** Data excerpt follows **
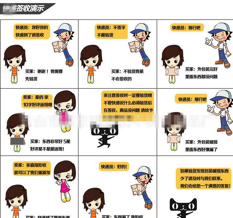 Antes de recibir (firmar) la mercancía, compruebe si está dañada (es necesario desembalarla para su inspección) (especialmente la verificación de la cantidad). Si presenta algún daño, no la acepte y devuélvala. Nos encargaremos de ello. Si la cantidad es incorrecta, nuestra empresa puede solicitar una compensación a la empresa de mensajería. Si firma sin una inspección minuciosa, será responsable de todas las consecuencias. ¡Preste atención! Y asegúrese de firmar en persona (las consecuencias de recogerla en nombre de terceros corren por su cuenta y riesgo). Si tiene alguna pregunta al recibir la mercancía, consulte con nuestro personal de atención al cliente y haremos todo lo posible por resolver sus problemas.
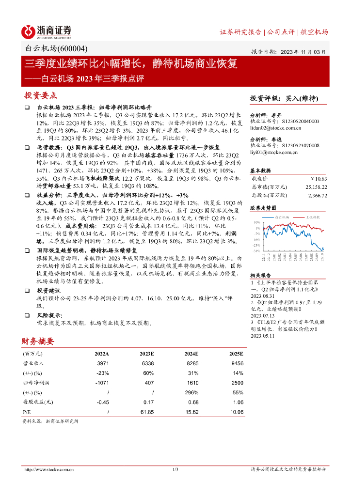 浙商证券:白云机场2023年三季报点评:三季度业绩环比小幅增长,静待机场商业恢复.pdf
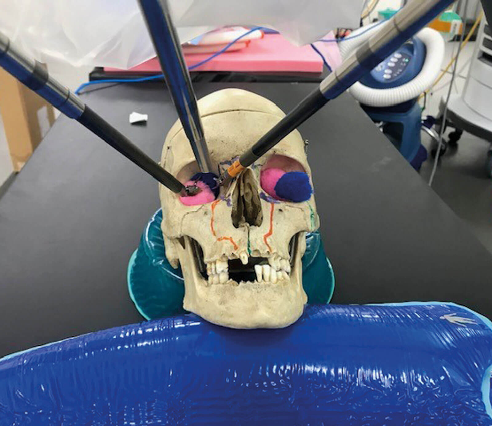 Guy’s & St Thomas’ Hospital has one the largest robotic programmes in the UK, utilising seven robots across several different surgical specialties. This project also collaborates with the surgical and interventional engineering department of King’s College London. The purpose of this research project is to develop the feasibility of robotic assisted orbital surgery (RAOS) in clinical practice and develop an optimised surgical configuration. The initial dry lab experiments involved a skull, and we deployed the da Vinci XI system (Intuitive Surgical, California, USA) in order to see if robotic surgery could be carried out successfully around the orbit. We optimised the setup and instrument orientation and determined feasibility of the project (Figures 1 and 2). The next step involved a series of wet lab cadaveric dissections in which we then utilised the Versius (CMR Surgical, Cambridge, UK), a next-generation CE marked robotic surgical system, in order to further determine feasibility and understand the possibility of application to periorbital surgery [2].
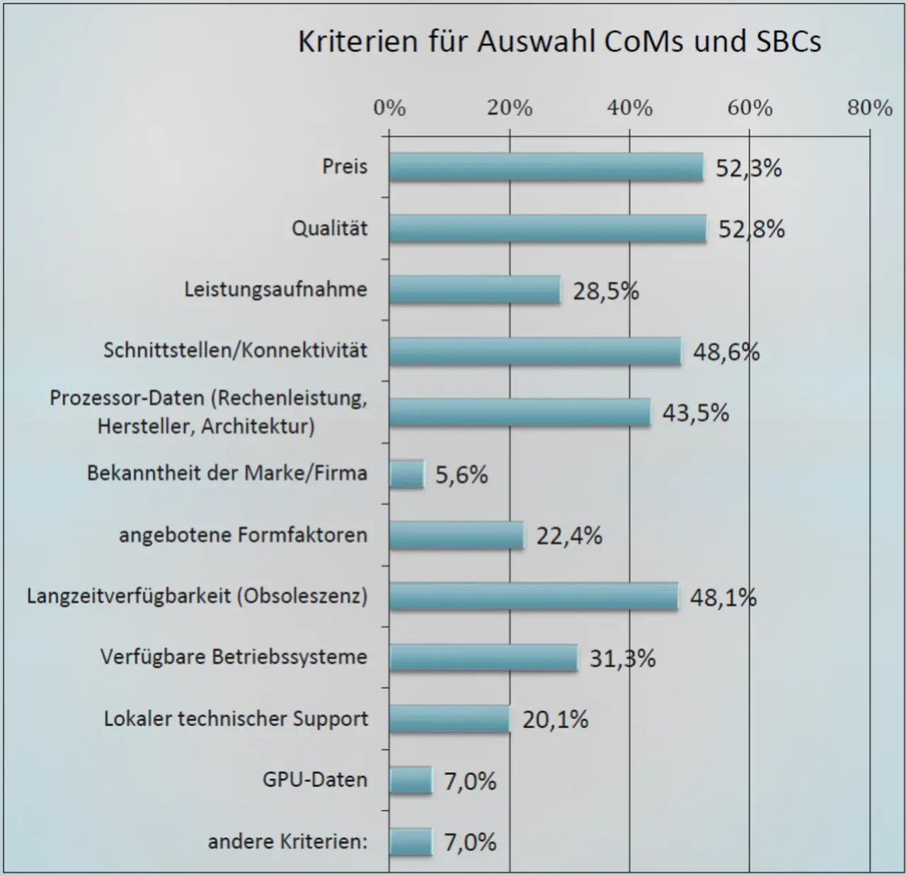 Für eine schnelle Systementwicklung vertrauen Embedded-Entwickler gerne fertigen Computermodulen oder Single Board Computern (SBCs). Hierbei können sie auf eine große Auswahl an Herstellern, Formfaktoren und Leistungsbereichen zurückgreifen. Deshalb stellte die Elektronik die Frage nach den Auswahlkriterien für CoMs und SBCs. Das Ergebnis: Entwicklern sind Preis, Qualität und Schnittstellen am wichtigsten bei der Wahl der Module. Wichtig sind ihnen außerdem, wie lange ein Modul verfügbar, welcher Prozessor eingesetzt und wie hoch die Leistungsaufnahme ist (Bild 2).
** End of Data excerpt **
*Exercise details*
Exact repeats of the lines from the first one in the data through the line containing "浙商证券:白云机场2023年" make up the answer. Pictures do not.

*Exercise result*
 Antes de recibir (firmar) la mercancía, compruebe si está dañada (es necesario desembalarla para su inspección) (especialmente la verificación de la cantidad). Si presenta algún daño, no la acepte y devuélvala. Nos encargaremos de ello. Si la cantidad es incorrecta, nuestra empresa puede solicitar una compensación a la empresa de mensajería. Si firma sin una inspección minuciosa, será responsable de todas las consecuencias. ¡Preste atención! Y asegúrese de firmar en persona (las consecuencias de recogerla en nombre de terceros corren por su cuenta y riesgo). Si tiene alguna pregunta al recibir la mercancía, consulte con nuestro personal de atención al cliente y haremos todo lo posible por resolver sus problemas.
 浙商证券:白云机场2023年三季报点评:三季度业绩环比小幅增长,静待机场商业恢复.pdf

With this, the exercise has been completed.